We have examined a subpixel motion estimation method, called the subtraction method, SM, for 2D motion estimation using 1D calibration. A detailed basis for the use of SM in 2D motion estimation is provided. Both continuous and discrete analyses are presented, and the relationships between the 1D calibration results and the corresponding 2D results are indicated. It is demonstrated that, following careful calibration, the in-plane motion in 2D can be determined. The robustness of the SM is also examined using both simulated and experimental results. Simulations for different noise levels, i.e., S/N = 10 and S/N = 1, are presented, and experiments involving a diffuse speckle field are performed. In the experiments, the RMSE values followed the same trend observed for the simulations with the linear fits for the 2D motion, y = x being better (having a lower RMSE) than for the other two, yx, cases. We note that the results for 1D motion estimation using SM and CM are compared in detail in [8]. The systematic and random errors have been examined. To avoid repetition, the CM results for 2D motion estimation are not shown here but have been presented in [22].
In all cases, the results show the SM results exhibit highly linear variation. It is shown that, given such linear variation, a change from increasing to decreasing accumulated grey level values indicates a change in direction [8]. When measuring in 2D, tracking the direction of motion becomes critically important.
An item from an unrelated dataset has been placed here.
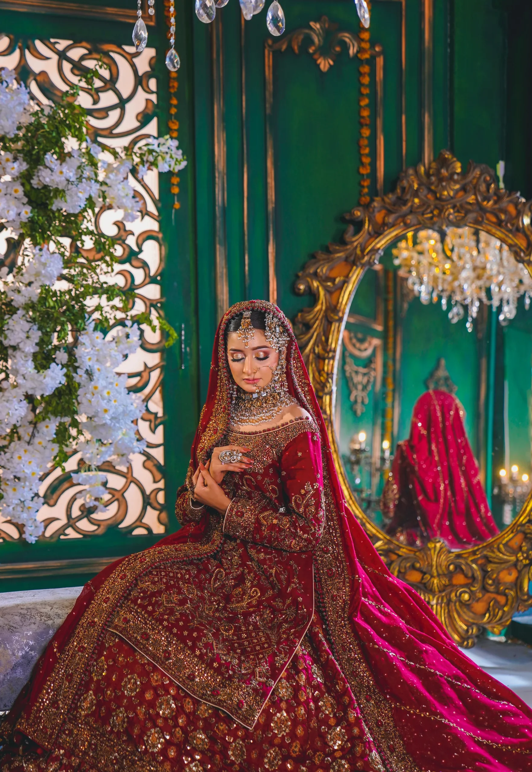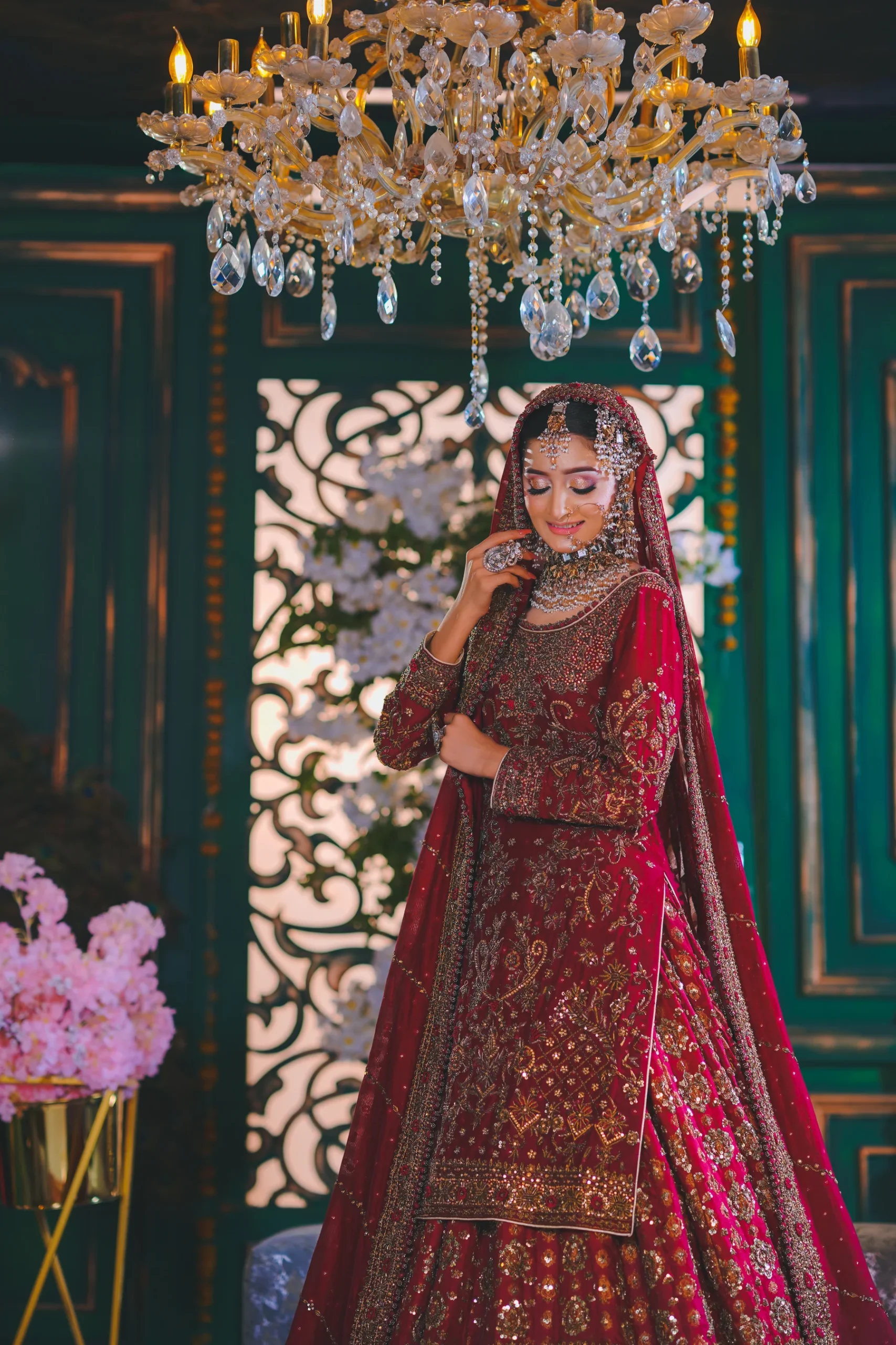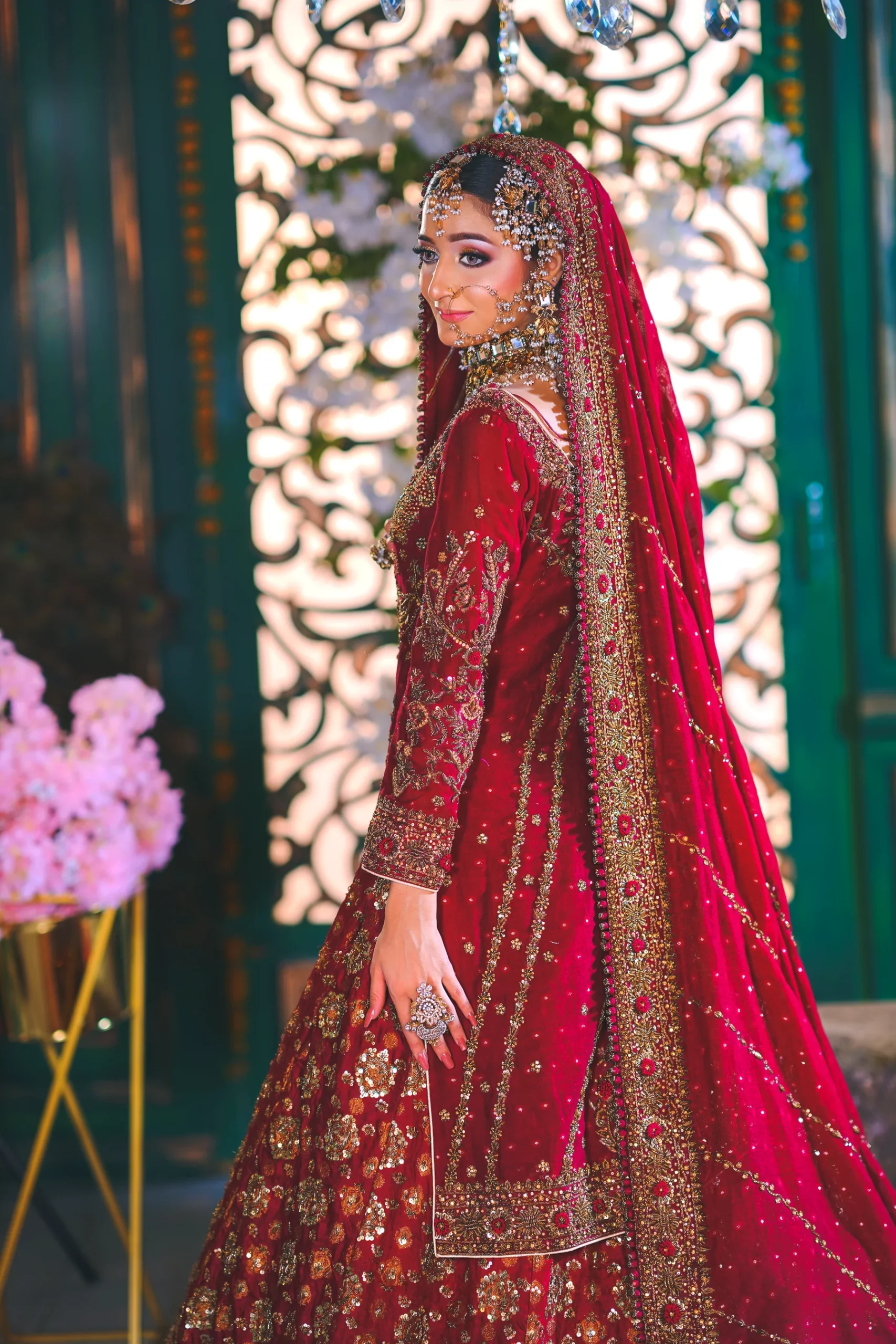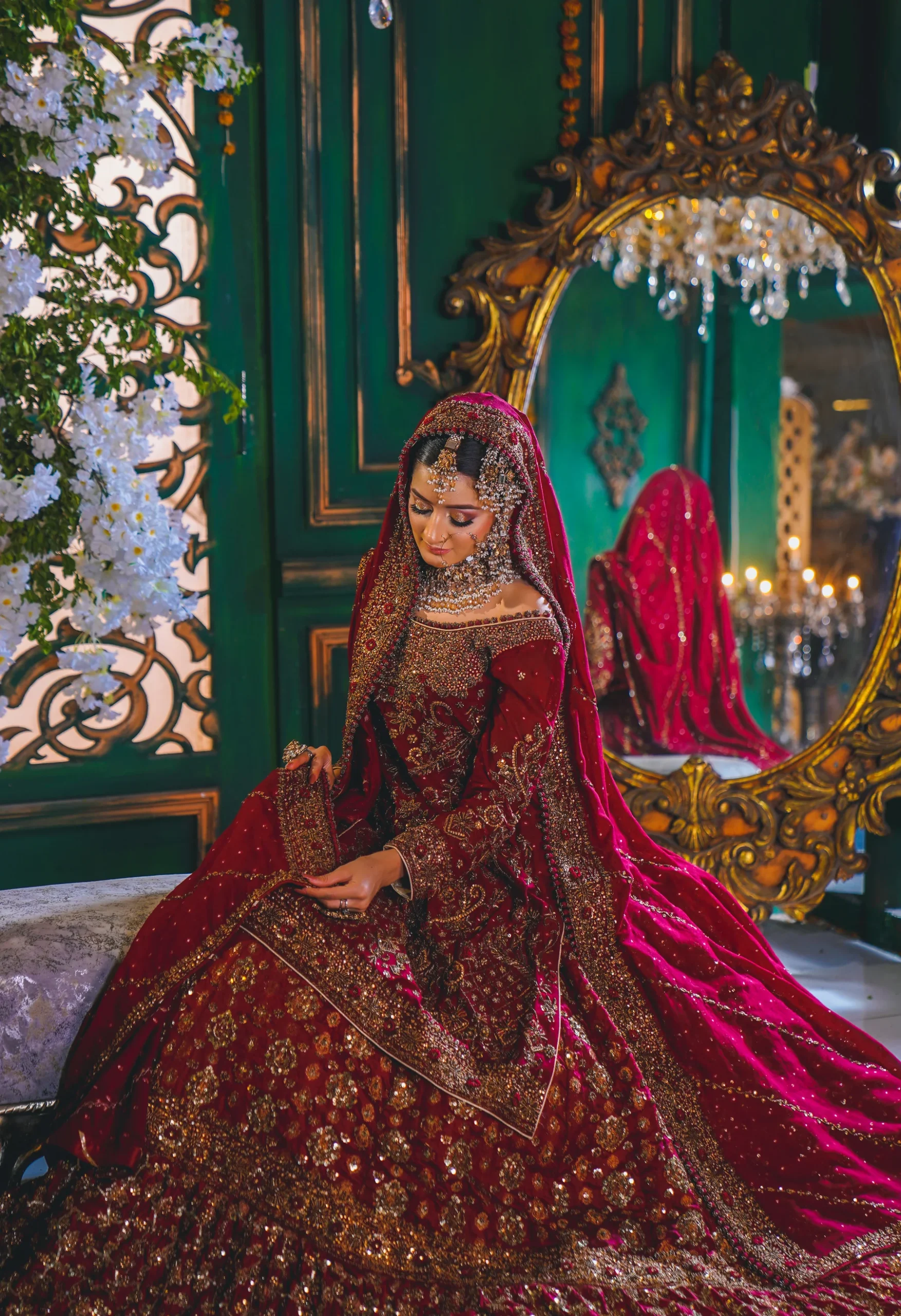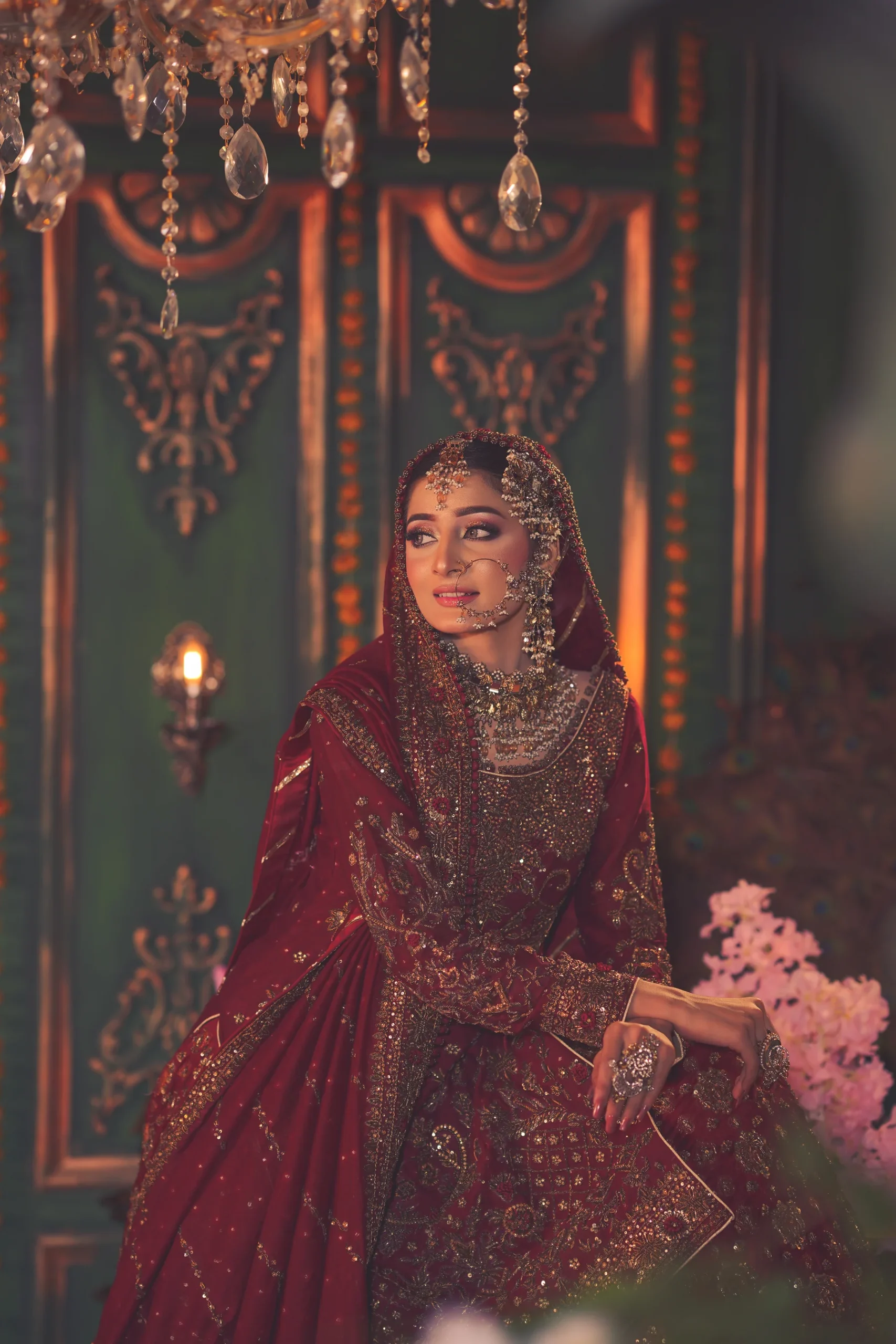 A luxurious maroon bridal couture lehenga adorned with antique gold zari, crystals, and sequins, paired with an intricately embellished dupatta for a timeless royal wedding look.

It is also worthwhile to note that SM will be unsuitable for use as a standalone method; some calibration process will be necessary.
SM is a fast method to measure in-plane object motion with subpixel accuracy. It can be used as a complement to standard correlation methods and/or in conjunction with a reported extension of SM [20] to determine the direction which permits an improvement in overall performance. SM offers significant computation time savings (3N2+ 2N) in comparison to the corresponding CM calculation (O (N2log2N). To quantify this, we note that subtracting two N by N images requires N2 operations. Adding across the N rows and down the N columns requires N2 + N2 operations. Adding the absolute values of the elements of the C and R vectors, to calculate the TC and TR, requires dropping the sign bit and 2N operations. Therefore, it only requires 3N2 + 2N addition operations and no multiplications.
As noted, when performing experimental measurements to calibrate the system, knowing the relative position of the object with respect to the camera is critically important. Any inaccuracy in controlling the position (the object displacement) will degrade the calibration process. Therefore, methods to correct for systematic and random errors during calibration will be further explored [22].

6. Conclusions

In this paper, we proposed an SM method for quantifying 2D displacements with subpixel accuracy. The theoretical analysis has been driven by both discrete and continuous models. Simulation and experimental results are presented and the corresponding error analysis (between the actual motion and estimated) for 2D motion has been given. The results indicate that any general motion in 2D involving combinations of in-plane motions in x and y can be determined using the SM after a 1D calibration.
Since the method does not indicate the direction of motions but a change in direction, some calibration process will be necessary. However, in conjunction with standard correlation methods and/or recently proposed methods [20], SM offers significant computation time-saving advantages.
Potential applications of this method would appear to exist; for example, with only slight modifications the accumulated grey level values TR and TC can be used to perform image stitching, subpixel registration, particle tracking and to determine the frequency of vibration.

Author Contributions

Conceptualization, J.T.S.; methodology, M.W., J.J.H. and J.T.S.; software, M.W.; validation, M.W.; formal analysis, M.W. and J.T.S.; investigation, M.W., J.J.H. and J.T.S.; resources, J.T.S. and M.W.; data curation, M.W.; writing—original draft preparation, M.W.; writing—review and editing, J.J.H. and J.T.S.; visualization, M.W.; supervision, J.T.S.; project administration, M.W.; funding acquisition, M.W. All authors have read and agreed to the published version of the manuscript.

Funding

This research was funded by RECENTRE program with grant number OA102070-10, and National Nature Science Foundation of China (62220106005).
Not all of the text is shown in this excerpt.